Work instruction.
Since the pictures are not wanted, retype the listing below exactly and without them.

Material provided.
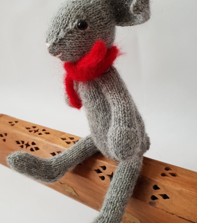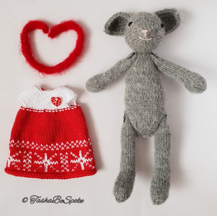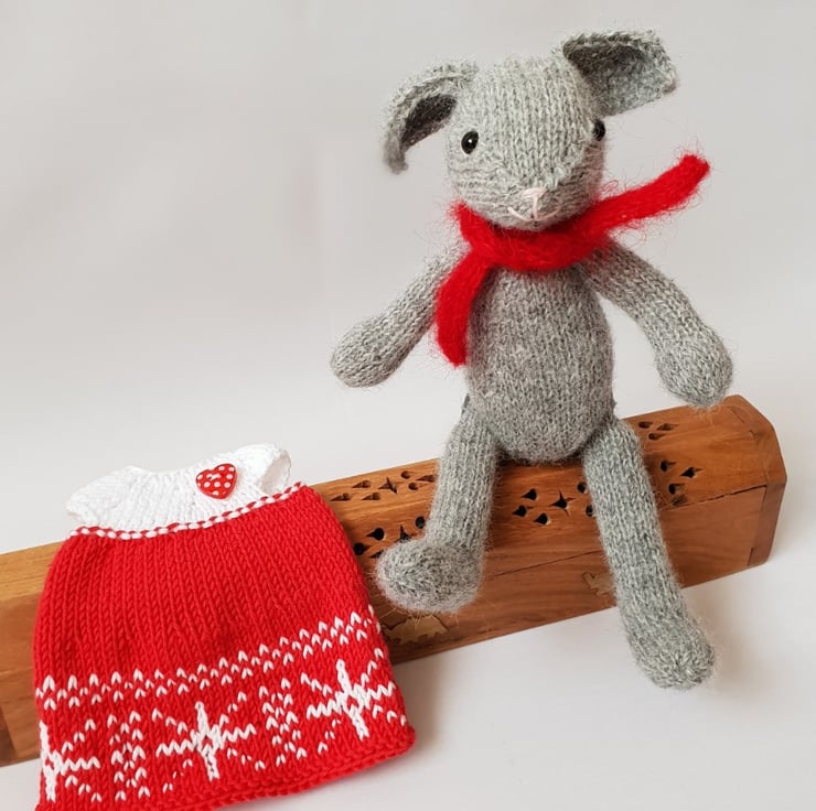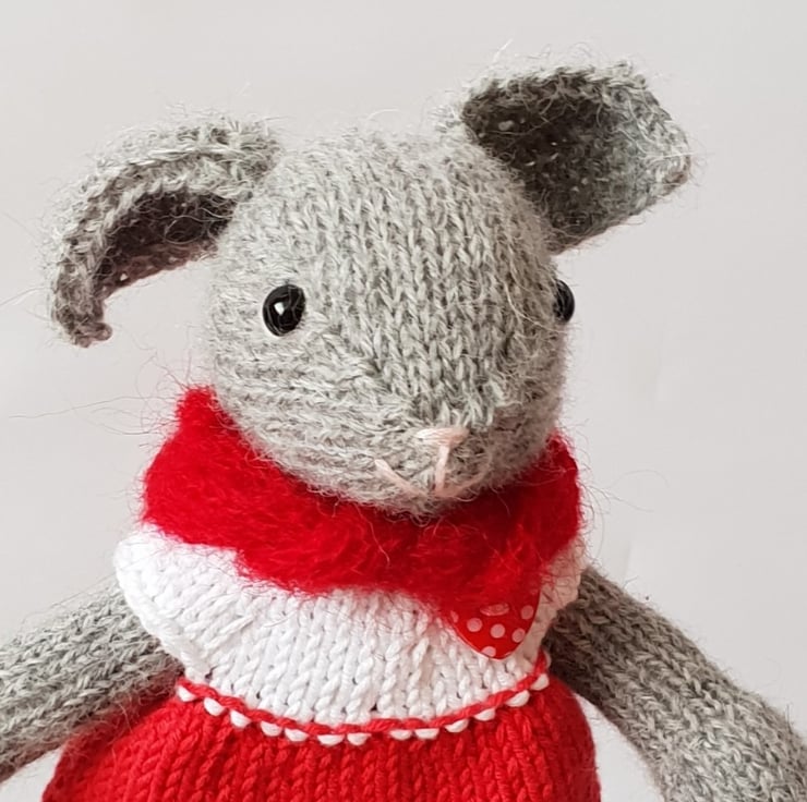 Nina is hand knitted from soft pure alpaca yarn. She has a lovely red and white cotton dress and a red mohair scarf to keep her warm.
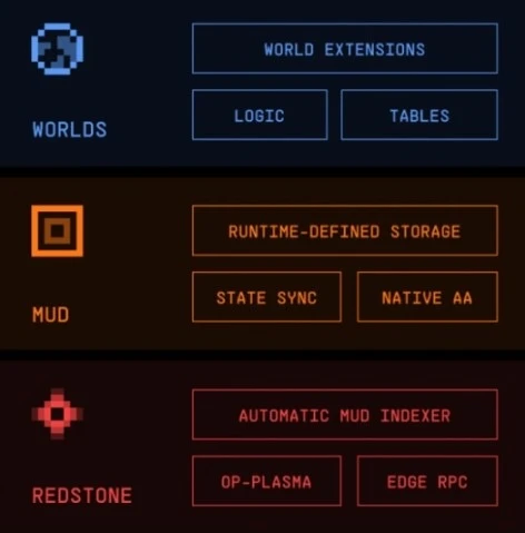 Lattice 的自主世界 / 全链游戏的原语由 Worlds 开发框架、MUD 游戏引擎和 Redstone 底层共识协议组成。
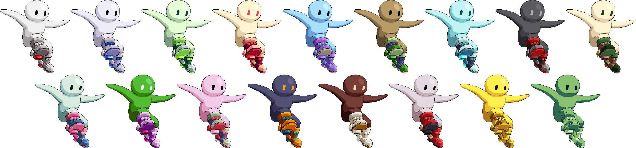 | Neutral attack | Strikes with his arms twice, then flails his arms forwards, ending by swinging both down. Based on the Arm Spin Style from Downwell. | 2 |
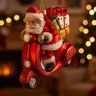 Babbo Natale sullo scooter pendaglio per decorazioni natalizie altezza 10 cm

Output below.
 Nina is hand knitted from soft pure alpaca yarn. She has a lovely red and white cotton dress and a red mohair scarf to keep her warm.
 Lattice 的自主世界 / 全链游戏的原语由 Worlds 开发框架、MUD 游戏引擎和 Redstone 底层共识协议组成。
 | Neutral attack | Strikes with his arms twice, then flails his arms forwards, ending by swinging both down. Based on the Arm Spin Style from Downwell. | 2 |
 Babbo Natale sullo scooter pendaglio per decorazioni natalizie altezza 10 cm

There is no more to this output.